Identification of Neuropeptide Precursor Families in the GenBank Database

The identification of all potential amino acid sequences of the neuropeptide precursors from all species was conducted using the GenBank database with keywords related to each neuropeptide precursor until April 8th, 2020, whereas the members of the ACP family were identified with BLAST using the GenBank database (Boratyn et al. 2013; Sayers et al. 2019). Only the identified sequences of the AKH family were subdivided as previously reported (Vroemen et al. 1998) (see Repository 1 for more details). The neuropeptide precursors were identified using three bioinformatic algorithms coupled with manual curation based on the presence of proteolytic cutting sites for the post-translational processing of the neuropeptide precursors.

BioDataToolKit version 5 software (https://github.com/rduarte24/BiodataToolkit) was used to automatically download the neuropeptide sequences from the GenBank database (Sayers et al. 2019) and to eliminate the sequences that did not contain a neuropeptide structural organization. Then, sequences that presented dibasic amino acids for the proteolytic cleavage were identified with Proteios version 1.0 (https://github.com/Martin-Munive/Proteios). Finally, the selected precursors with potential sites for pro-protein convertase were determined with ProP 1.0 Server (RRID:SCR_014936) (Duckert et al. 2004).

The results and the remaining combinations of basic amino acid pairs were verified manually. After obtaining, purging, and verifying the neuropeptide precursor sequences, a database was created with a detailed description of each of the selected neuropeptide precursor sequences (see Repository 1 for more details).

In silico Validation of Predicted Neuropeptides Precursors from the DNA-LM

BLAST protein–protein alignments with respect to the NCBI database were performed with the APGW/RPCH NPP and APGW/AKH NPP proposed by the DNA-LM (Martínez-Pérez et al. 2007; Boratyn et al. 2013). Non-redundant protein sequence database searches were conducted without excluding organisms, models, non-redundant RefSeq proteins, or uncultured/environmental sample sequences. The general parameters were the following: maximum number of aligned sequences, 20,000; expected number of chance matches in a random pattern, 100; length of the seed that starts an alignment, 6; and limit of the number of matches to a query range, 0; word size was automatically adjusted to improve the results for short queries. For the scoring parameters, the BLOSUM62 matrix was used with conditional compositional scoring matrix adjustment and gap cost of existence: 11; extension: 1. Finally, for the filters and masking, the “low complexity regions,” “mask lower case letters,” and “mask for lookup table only” options were not used (Boratyn et al. 2013). The correlation between the APGW/RPCH NPP and APGW/AKH NPP sequences with the homologous precursors selected from the BLAST result was edited with GeneDoc version 2.7 (Nicholas 1997).

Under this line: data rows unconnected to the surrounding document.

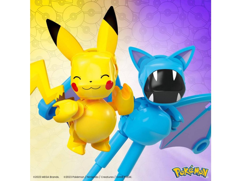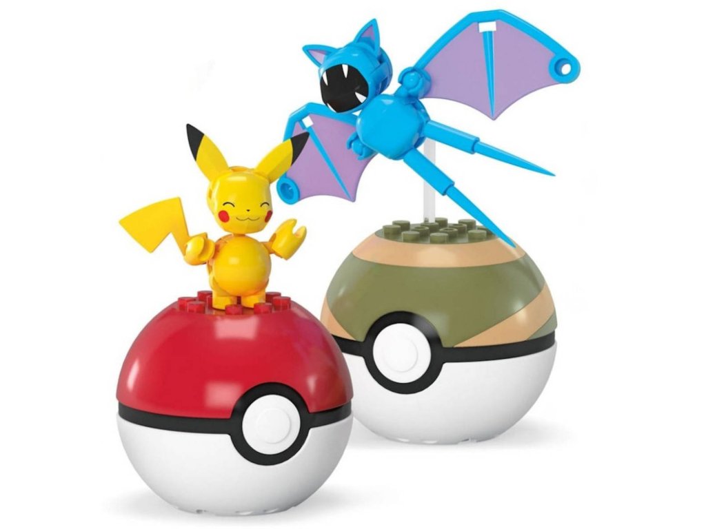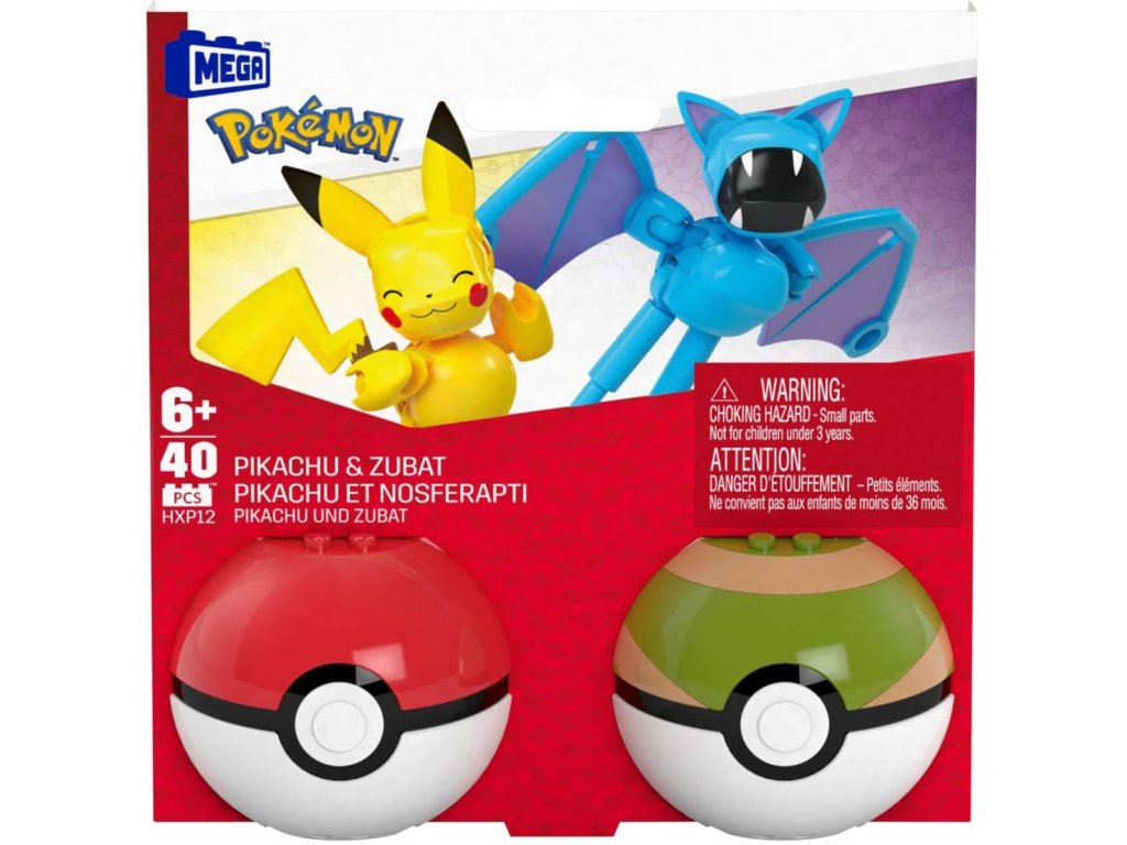 Pokémon MEGA Construction Set. Herní set obsahuje 2 Pokébally a 40 dílků stavebnice pro sestavení Pokémona (Pikachu a Zubat).
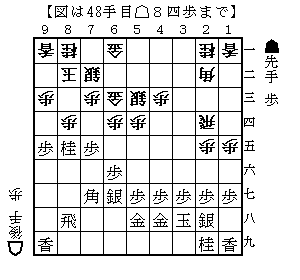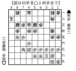 ▲8八飛△1五歩▲9七桂△8二玉▲8五桂△8四歩(下図)
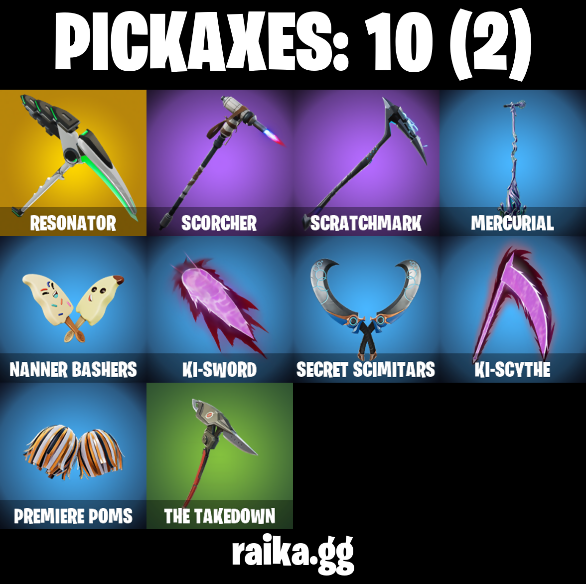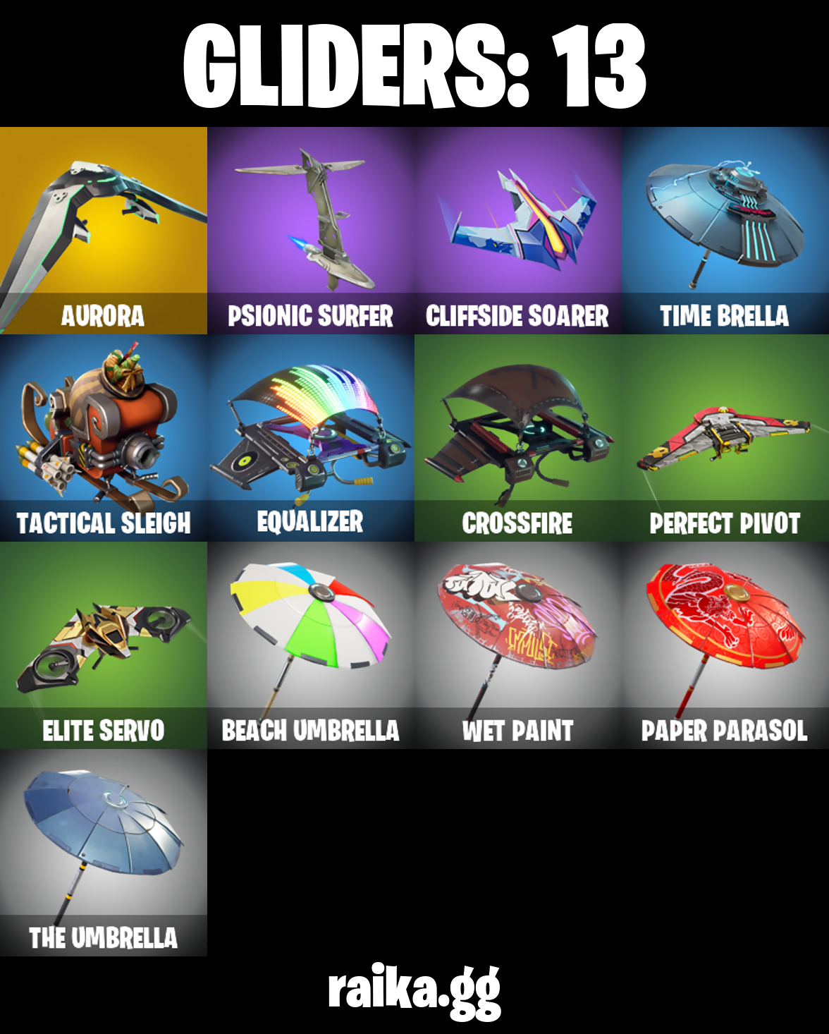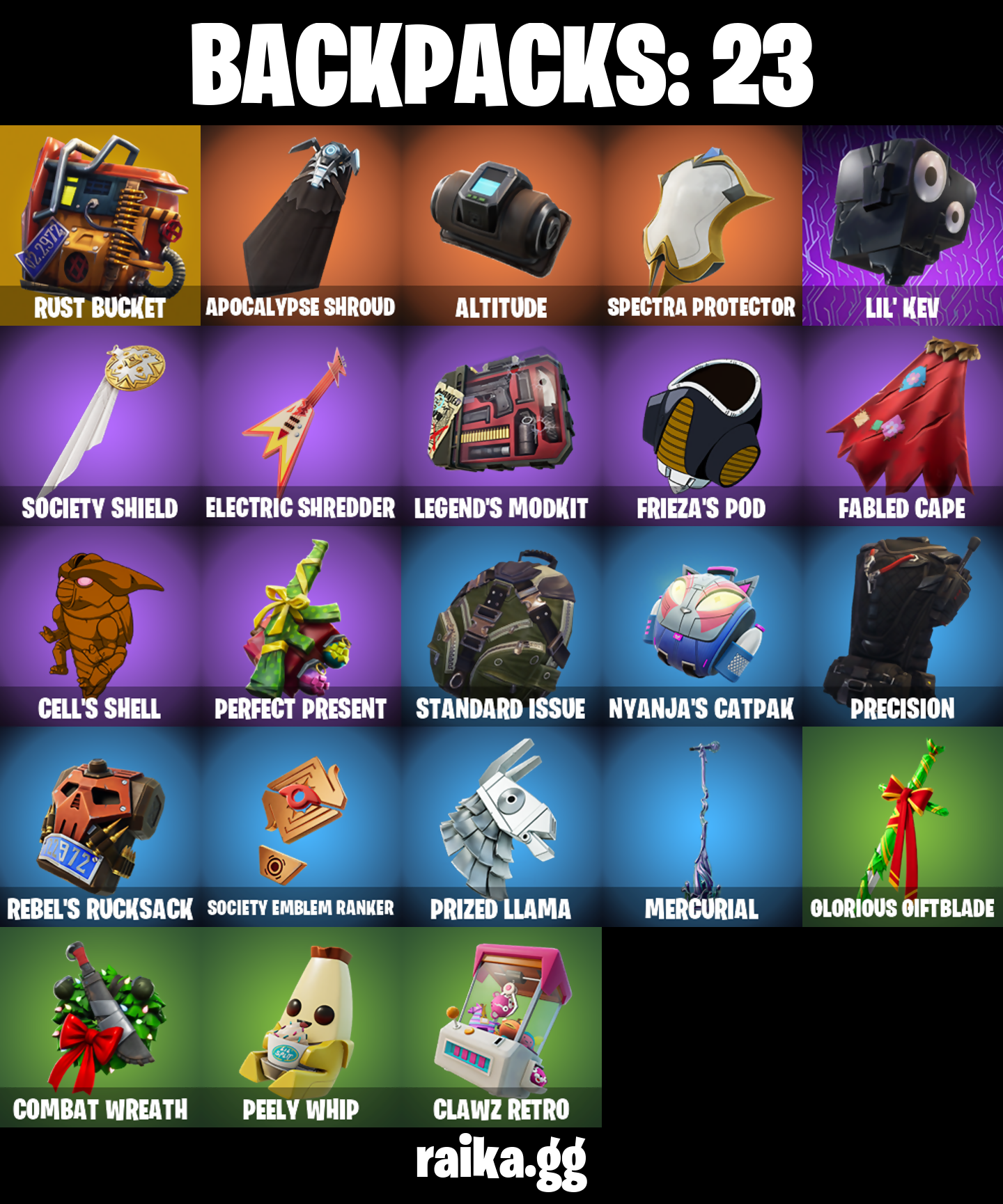 Altitude, Apocalypse Shroud, Aurora, Beach Umbrella, Boneless, Cat Flip, Cell, Cell's Shell, Clawz Retro, Cliffside Soarer, Combat Wreath, Crossfire, Crowning Achievement, Doze Dab, Electric Shredder, Elite Servo, Eon, Equalizer, Fabled Cape, Frieza, Frieza's Pod, Gentleman's Dab, Glorious Giftblade, Goku Black, Golf Clap, Holiday Boxy, Hot Marat, Ki-Scythe, Ki-Sword, Legend's Modkit, Lil' Key, Lynx, Lynx (Stage 4 - No Ponytail), Mercurial, Nanner Bashers, Nyanja's Catpak, Paper Parasol, Peely Whip, Perfect Pivot, Perfect Present, Precision, Premiere Poms, Prized Llama, Psionic Surfer, Rambunctious, Rebel's Rucksack, Regal Wave, Resonator, Ride The Pony, Rust Bucket, Salute, Scorcher, Scratchmark, Secret Scimitars, Snoop's Walk, Society Emblem Ranker, Society Shield, Spectra Protector, Standard Issue, T-Pose, Tactical Sleigh, The Takedown, The Umbrella, Time Brella, Wet Paint, Winterfest Bushranger, Zenith, Zenith (Stage 4)
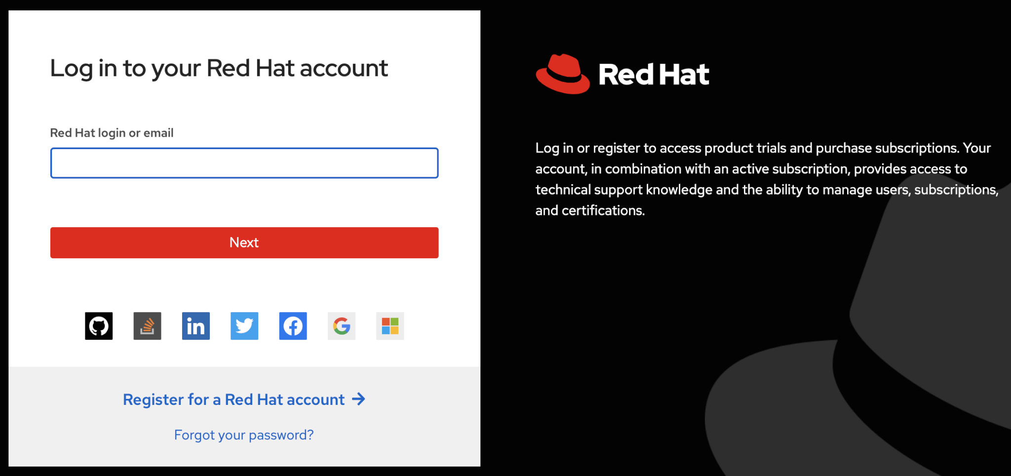 Once activated, login with your Red Hat account
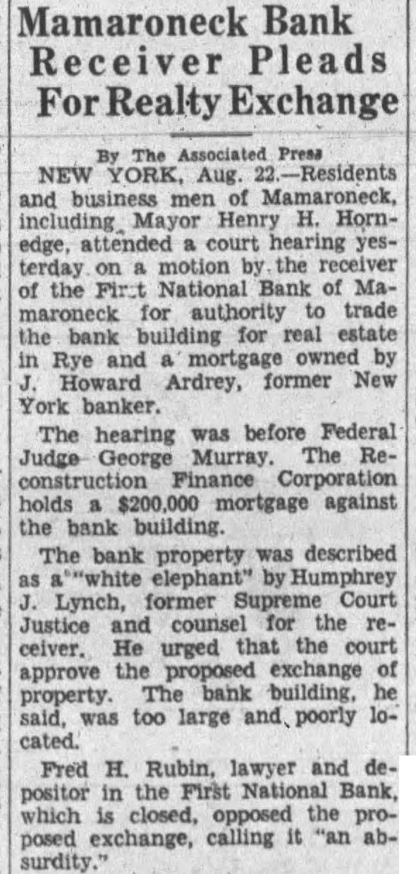 NEW YORK, Aug. 22 Residents business men of Mamaroneck including Henry Hornedge. attended court yesterday on motion by receiver the First National Bank of Mamaroneck for authority to trade the bank building for real estate in Rye and mortgage owned by Howard Arformer New York banker The hearing was before Federal Judge George Murray The Re construction Finance Corporation holds mortgage against the building The bank property described "white elepnant Humphrey Lynch, former Court and for the receiver He urged that the court approve the exchange property. The back building. he poorly cated. Fred H. Rubin. and depositor National Bank. which the proposed exchange, calling it absurdity.
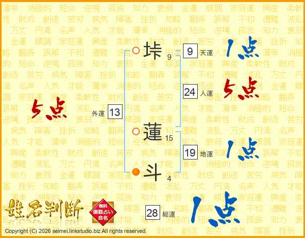 生活面を象徴する運勢です。外部から受ける影響力を表し、結婚運、家庭運や職場、環境への順応性を表します。総運から人運を引いた画数。姓や名が1文字の場合を除く。

The alignment for each one of the neuropeptide precursor families was performed using the Kalign software version 2.0 (RRID:SCR_011810) (Lassmann and Sonnhammer 2005; Lassmann et al. 2009) from the European Bioinformatics Institute (EMBL-EBI; RRID:SCR_004727) (Madeira et al. 2019), with the default parameters and with the DNA-LM parameters (Martínez-Pérez et al. 2007): gap open penalty, 9; gap extension penalty, 0.2; terminal gap penalties, 0.45; and bonus score, 0.0.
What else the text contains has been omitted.